Date of Award

Spring 1-1-2012

Document Type

Thesis

Degree Name

Master of Arts (MA)

Department

Geography

First Advisor

Waleed Abdalati

Second Advisor

Barbara Buttenfield

Third Advisor

Barry Eakins

Abstract

Digital elevation models (DEMs) are the framework for the modeling of numerous coastal processes including tsunami propagation and inundation, storm-surge, and sea-level-rise. The National Oceanic and Atmospheric Administration (NOAA) National Geophysical Data Center (NGDC) develops integrated bathymetric-topographic DEMs across coastal zones to support tsunami propagation and inundation modeling efforts. The development of integrated bathymetric-topographic DEMs requires extreme interpolation across large distances between sparse bathymetric measurements in order for the model to retain the resolution of dense coastal topographic data, particularly lidar. This study examines the accuracy of three common interpolation methods used to develop bathymetric DEMs of Kachemak Bay, Alaska: inverse distance weighting (IDW), spline, and triangular irregular network (TIN). The goal of the study is to examine the relationship between interpolation deviations from measured depths and sample density, distance to the nearest depth measurement, and terrain characteristics.

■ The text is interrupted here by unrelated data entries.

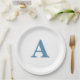 Monogram Initial Dusty Blue Elegant Custom Name Paper Plate
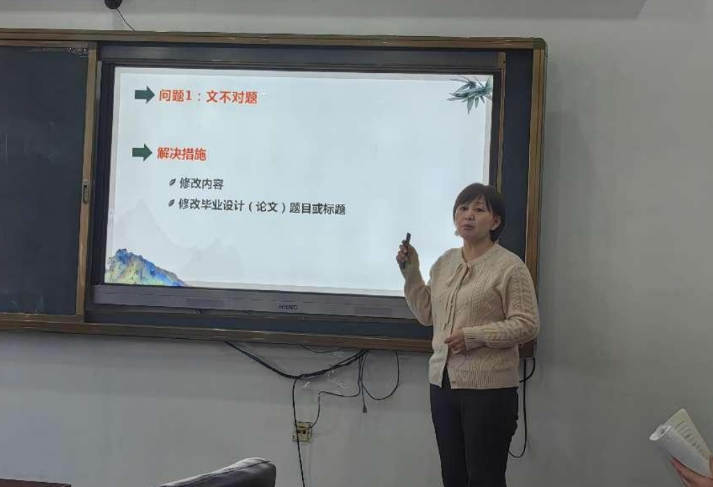 然后杨翠丽老师结合齐齐哈尔工程学院毕业设计要求,对毕业设计(论文)撰写的相关规范进行讲解,她对论文格式提出了具体要求并对其中一些基本格式设置进行解读,分析了典型问题并提出解决措施。
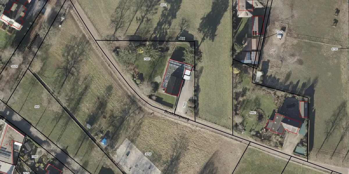 Het perceel waarop Boskampweg 4 staat heeft een oppervlakte van 1445 m². Dit is een zeer groot perceel. De perceeloppervlakte wordt geregistreerd door het Kadaster. Gedetailleerde informatie over de maten van dit perceel kunt u vinden in het rapport Kadastrale kaart met maatvoering van Boskampweg 4.
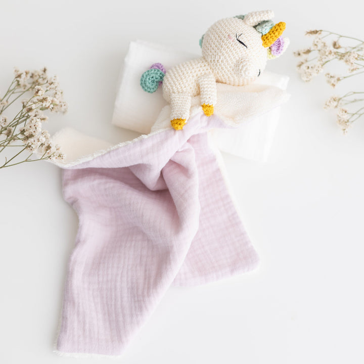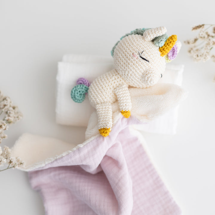 Dolci compagni di coccole, morbidi e fatti a mano, pronti a rassicurare e accompagnare i tuoi piccoli nei momenti di sonno e di gioco. Ogni doudou nasce dall'unione dei morbidi tessuti biologici GOTS di Samelù e i filati di cotone certificati OEKO TEX di Essentially Me, creando un oggetto semplice e realizzato con attenzione, pensato per offire al tuo bambino una presenza morbida e rassicurante nei primi mesi di vita.

A split-sample method was used to determine that the accuracy of the three evaluated interpolation methods decreases in areas of high surface curvature, at greater distances from the nearest measurement, and at smaller sampling densities. Furthermore, spline is the most accurate interpolation method at all sampling densities. Predictive equations of interpolation uncertainty derived from the quantification of interpolation deviations in relationship to sample density and distance to the nearest depth measurement were developed. These predictive equations of the uncertainty in DEMs introduced by interpolation methods can aid mitigation efforts for coastal communities prone to tsunamis, storm-surge, and other coastal hazards, by improving the understanding of the propagation of uncertainty into the modeling of such coastal processes that rely on integrated bathymetric-topographic DEMs.